Behind the continued price drop of hogs are the dual squeeze of pressure on the supply side and weakness on the demand side.

From the supply side, slow capacity de-stocking is the core reason. By the end of 2025, China’s number of sows kept for breeding (capable of producing piglets) was about 39.61 million head, still above the Ministry of Agriculture and Rural Affairs’ target of 39 million head for normal stock levels. At the same time, the big improvement in breeding efficiency has intensified supply pressure. The industry’s PSY (number of weaned piglets provided per sow per year) has risen from 16.1 in 2018 to 26.34 in 2026, meaning the same number of breeding sows can produce more market hogs.

From the demand side, after the Spring Festival, pork consumption enters a traditional off-season, the restaurant industry’s recovery is limited, and end-market purchasing intentions are not strong. A deeper change is the adjustment of consumption structure—pork’s share of meat consumption has fallen from 62.1% in 2018 to 57.9% in 2025. With prices of substitutes such as beef and poultry also moving down, demand for pork is being diverted.
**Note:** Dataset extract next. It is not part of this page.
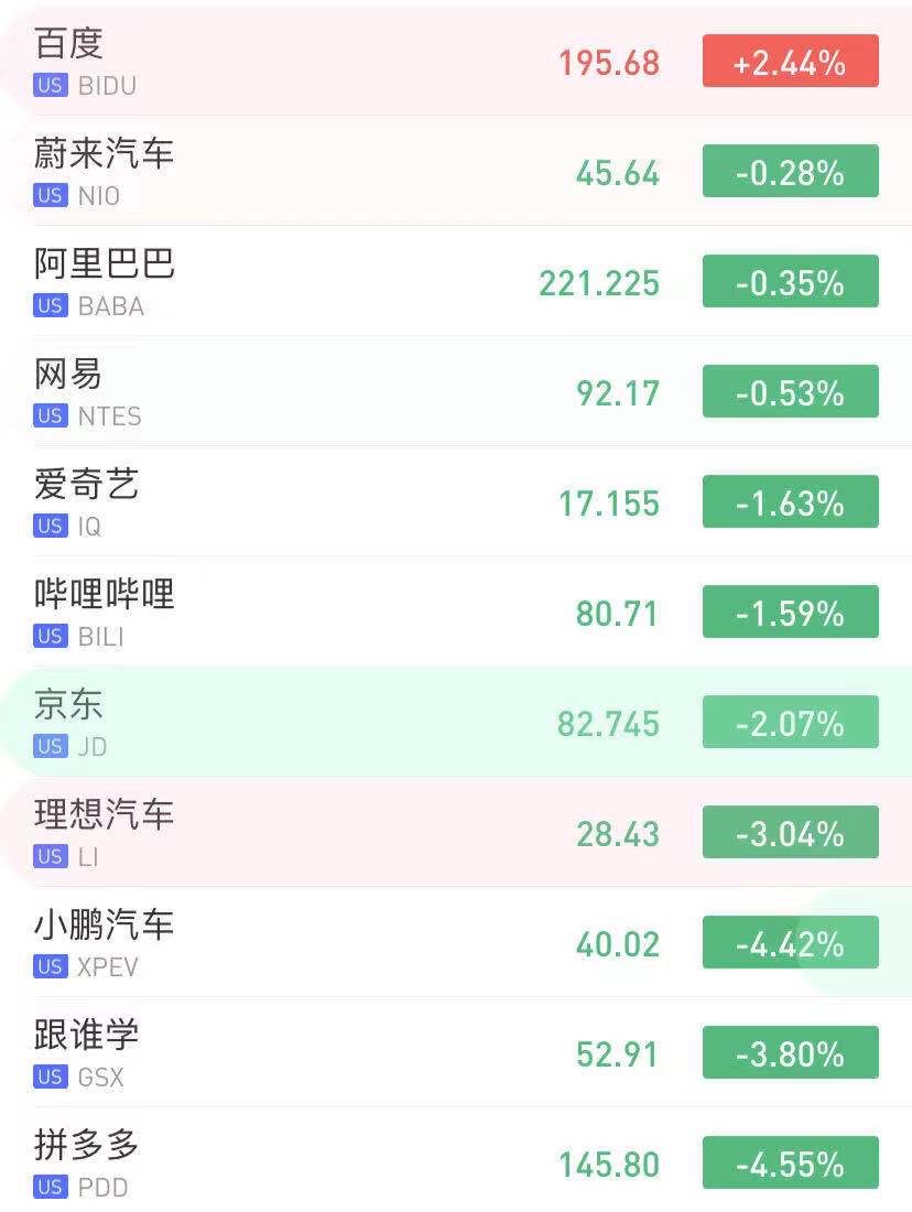 华盛资讯12月28日讯,热门中概除百度外全部下跌!截至发稿,拼多多跌4.55%,跟谁学跌3.80%,小鹏汽车跌4.42%,理想汽车跌3.04%。阿里跌0.35%,跌幅有所收窄,此前一度翻红。

Policy support—when will the turning point come?

In the face of deep industry losses, the policy side has begun to release signals of support.

On March 4, the National Development and Reform Commission together with the Ministry of Finance launched the first round of central storage purchases of frozen pork in 2026, with a total volume of 10,000 tons. The Ministry of Agriculture and Rural Affairs has also recently clarified stricter capacity control targets: further lowering the target for the normal stock level of sows kept for breeding and implementing an “annual production filing system” for leading breeding companies.

Regarding the turning point in hog prices, multiple institutions have offered forecasts. A research report from Orient Securities said that the number of newly born piglets has been gradually declining since October 2025; based on a 6-month growth cycle, the hog price turning point is expected to appear in April to May 2026.

China Post Securities, meanwhile, analyzed that after May 2025, industry capacity began to de-stock, which means that supply in the second half of 2026 will decrease, and hog prices may enter a new upward cycle.

For breeding companies, whether they can preserve cash flow and control costs at the bottom of the cycle will determine who can last through this long “winter.”